▶ **Problem**
Everything from the line with "在今天凌晨进行的英联杯决赛中" through the last line of the data below should be copied exactly, apart from the pictures.

▶ **Information shown**
════════

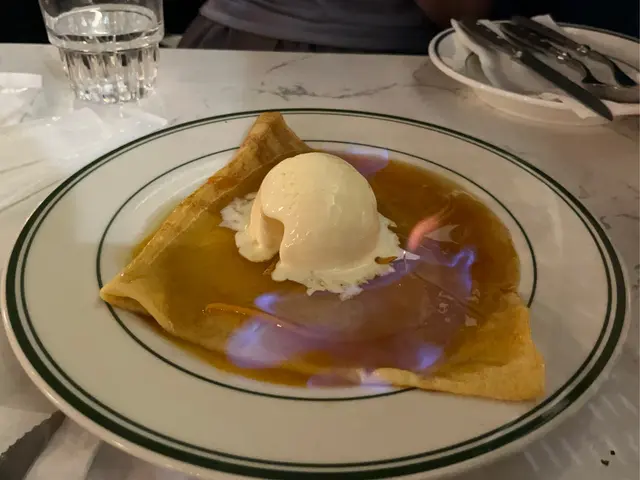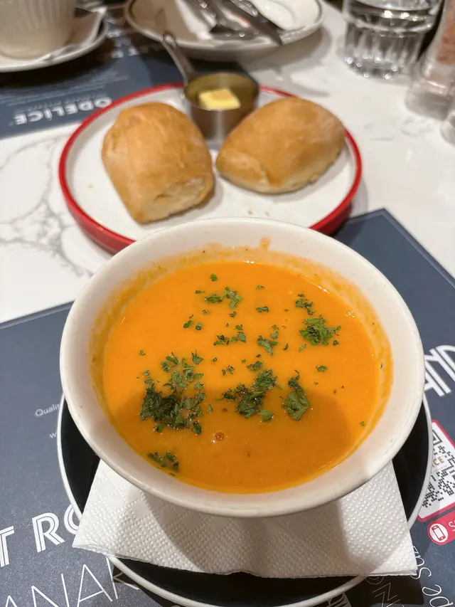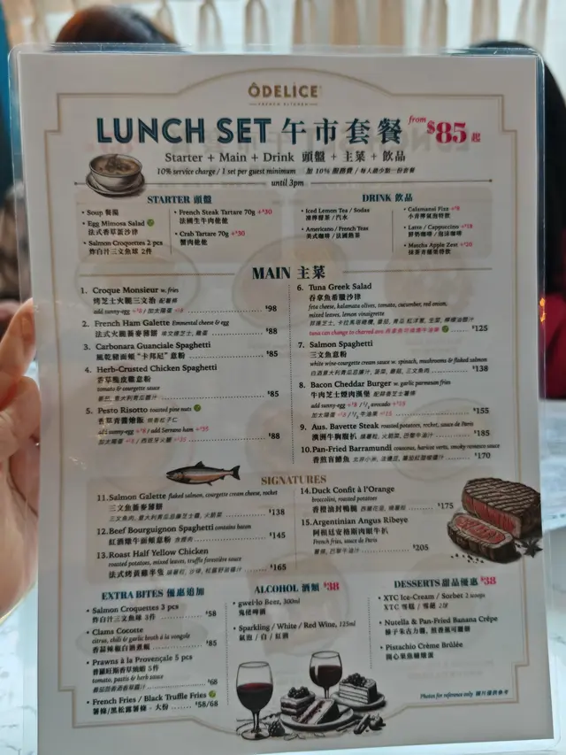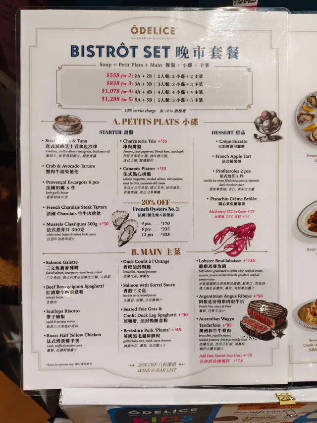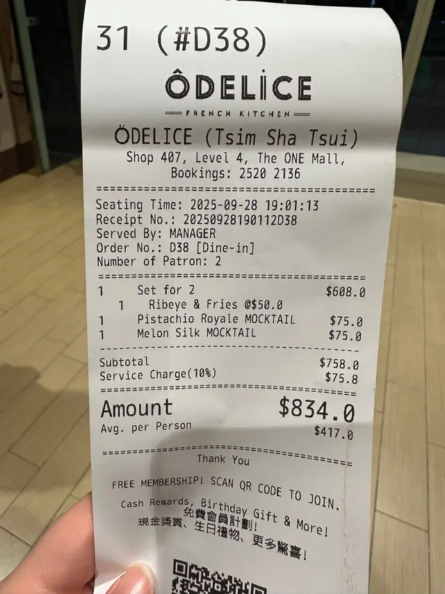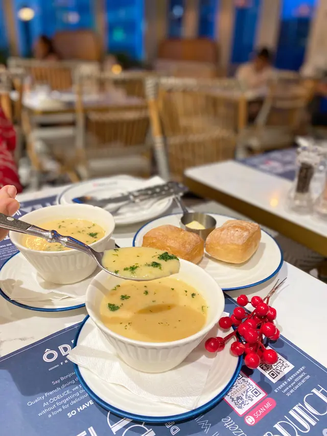 喺尖沙咀同朋友都想食Crêpe ,所以索性嚟Odelice!食埋晚飯,個晚市套餐仲包埋添!🔖Dinner Set 💲558 for two: 🍲《 蕃茄南瓜忌廉湯 》 x2 配 餐包餐包有焗熱,湯香濃唔會酸~ 我地揀咗 :🥑🦀《 Crab & Avocado Tartare 》 啖啖鮮甜蟹肉,好juicy加埋牛油果他他好fresh! 🐔《 Roast Half Yellow Chicken 》法式烤黃雞半隻燒好香,肉會偏乾,髀位會滑啲;配薯蓉同松露野菌醬汁提味~🥩《 Argentinian Angus Ribeye ➕💲50 》阿根廷安格斯肉眼牛扒做到要求嘅7成熟,唔韌有肉汁,配埋薯條同巴黎牛油汁~另外飲品有優惠🈶🥞《 Crêpe Suzette 》
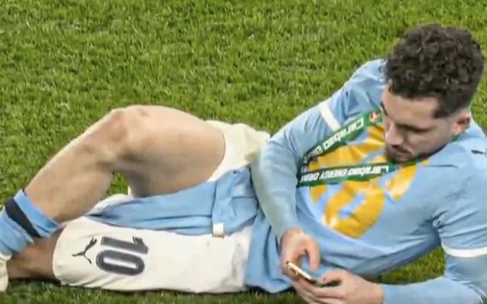 在今天凌晨进行的英联杯决赛中,曼城2-0击败阿森纳夺冠网上配资查询,赛后的照片可以看到,在颁奖典礼结束后,谢尔基在球场内躺着玩手机。
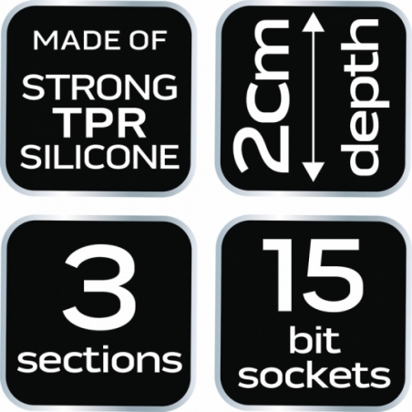 Kuweta na narzędzia, silikonowa, 27.5 x 14.5 x 2.5 cm, 3 kieszenie, 15 uchwytów na bity, głębokość 20 mm, elastyczna, antypoślizgowa, ochronna.
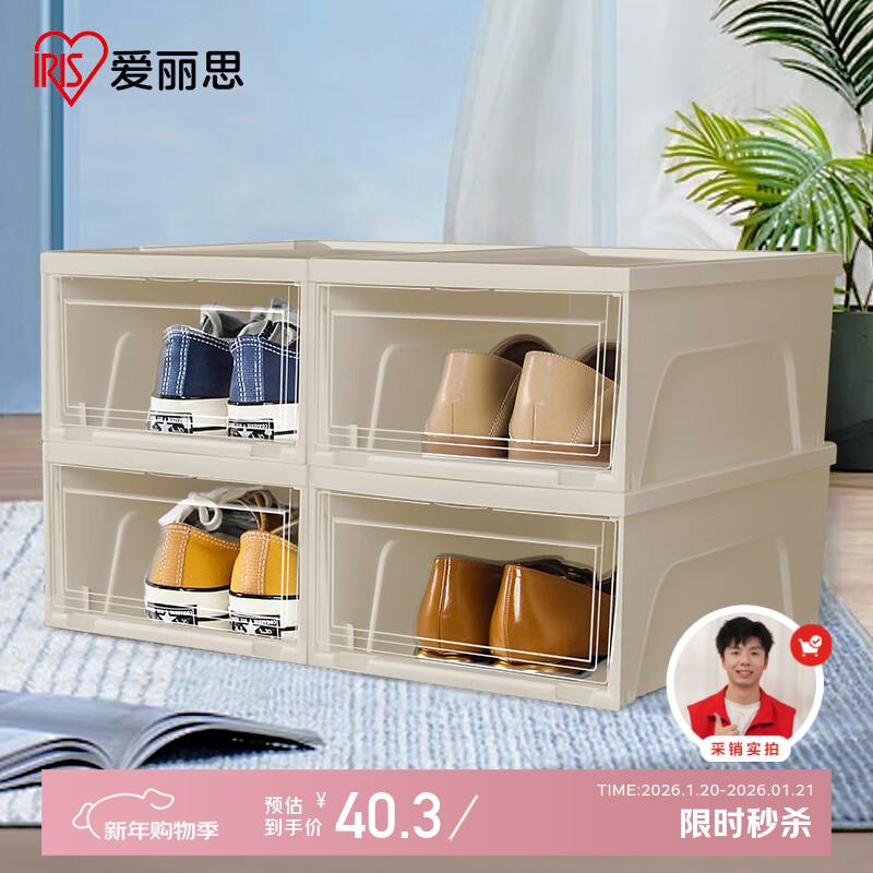 爱丽思透明防尘鞋盒4个装 Plus叠首购凑后30.5亓 领 拍 凑

════════

▶ **Completed task**
 在今天凌晨进行的英联杯决赛中,曼城2-0击败阿森纳夺冠网上配资查询,赛后的照片可以看到,在颁奖典礼结束后,谢尔基在球场内躺着玩手机。
 Kuweta na narzędzia, silikonowa, 27.5 x 14.5 x 2.5 cm, 3 kieszenie, 15 uchwytów na bity, głębokość 20 mm, elastyczna, antypoślizgowa, ochronna.
 爱丽思透明防尘鞋盒4个装 Plus叠首购凑后30.5亓 领 拍 凑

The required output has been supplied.